REQUIRED WORK.
Exact copy, no pictures: return only the lines below from the line with "La institución advirtió" up to and including the line with "[H-46 추락방지(U형볼라드) 스틸U형볼라드".

SOURCE MATERIAL Block Start

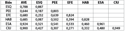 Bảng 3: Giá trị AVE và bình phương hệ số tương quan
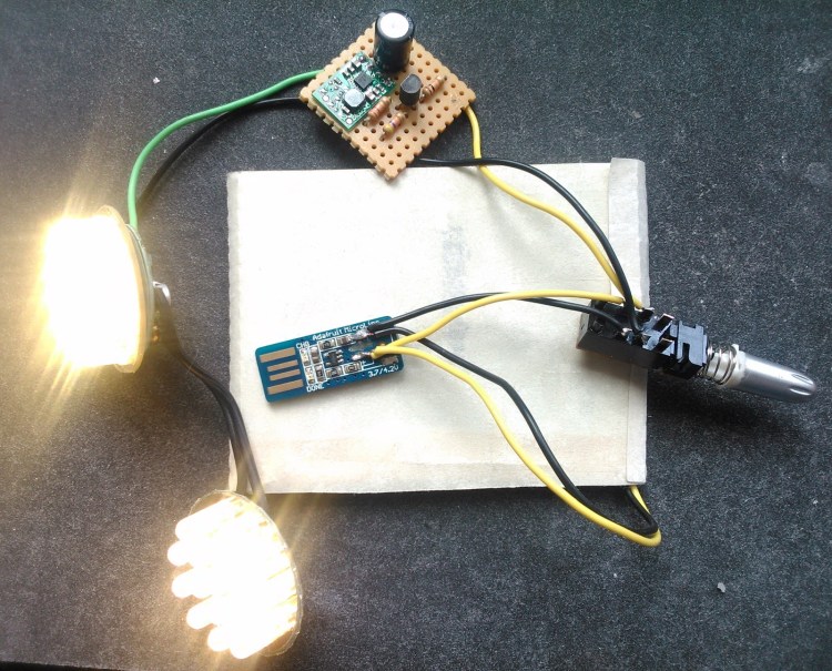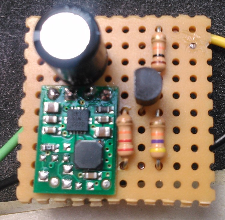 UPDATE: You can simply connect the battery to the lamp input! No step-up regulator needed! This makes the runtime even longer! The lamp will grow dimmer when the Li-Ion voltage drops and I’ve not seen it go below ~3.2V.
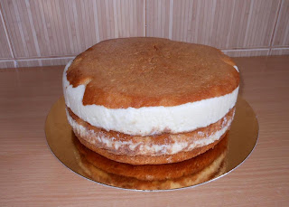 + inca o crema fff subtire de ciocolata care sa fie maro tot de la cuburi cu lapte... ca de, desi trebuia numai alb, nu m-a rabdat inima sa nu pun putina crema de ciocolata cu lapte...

SOURCE MATERIAL Block End
SOURCE MATERIAL Block Start

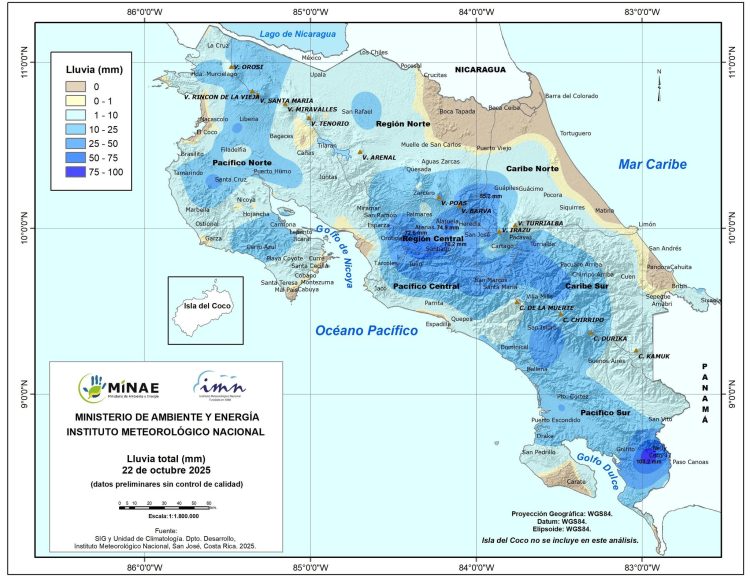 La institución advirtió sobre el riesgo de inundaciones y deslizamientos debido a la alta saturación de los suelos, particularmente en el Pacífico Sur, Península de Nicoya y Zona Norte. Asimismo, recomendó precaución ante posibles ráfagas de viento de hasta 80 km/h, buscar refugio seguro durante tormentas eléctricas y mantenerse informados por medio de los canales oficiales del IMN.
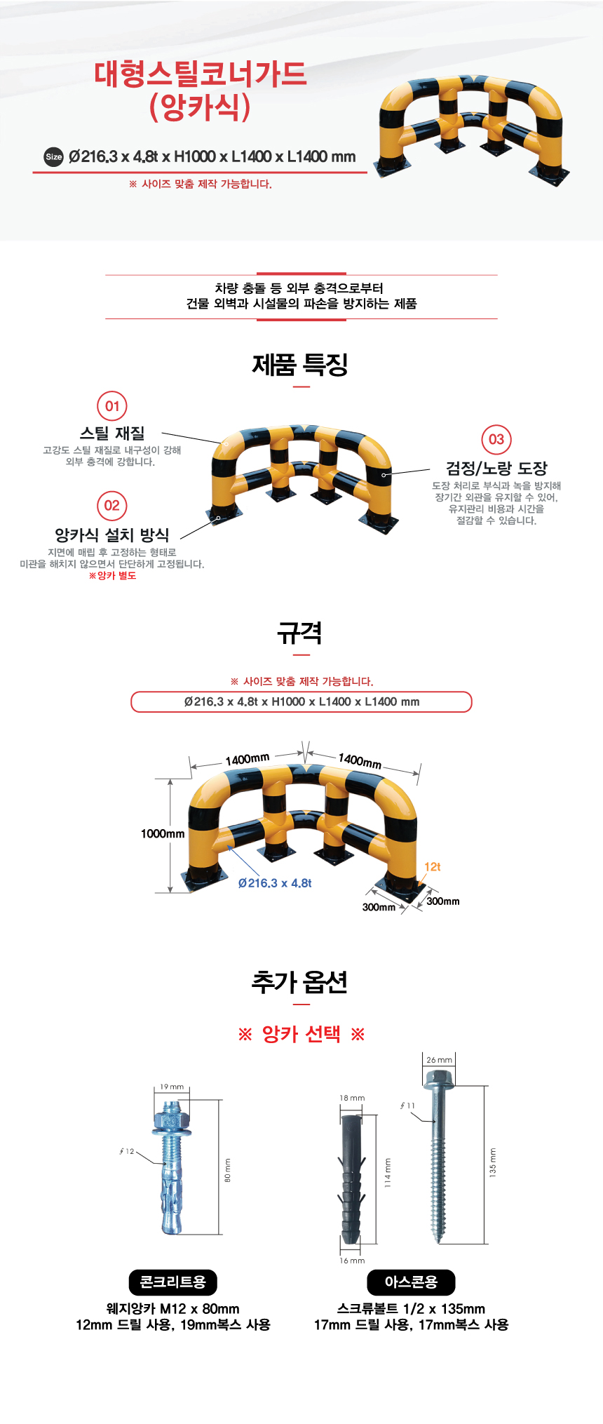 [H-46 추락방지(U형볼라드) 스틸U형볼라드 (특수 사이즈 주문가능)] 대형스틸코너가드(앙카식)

SOURCE MATERIAL Block End

YOUR SOLUTION.
 La institución advirtió sobre el riesgo de inundaciones y deslizamientos debido a la alta saturación de los suelos, particularmente en el Pacífico Sur, Península de Nicoya y Zona Norte. Asimismo, recomendó precaución ante posibles ráfagas de viento de hasta 80 km/h, buscar refugio seguro durante tormentas eléctricas y mantenerse informados por medio de los canales oficiales del IMN.
 [H-46 추락방지(U형볼라드) 스틸U형볼라드 (특수 사이즈 주문가능)] 대형스틸코너가드(앙카식)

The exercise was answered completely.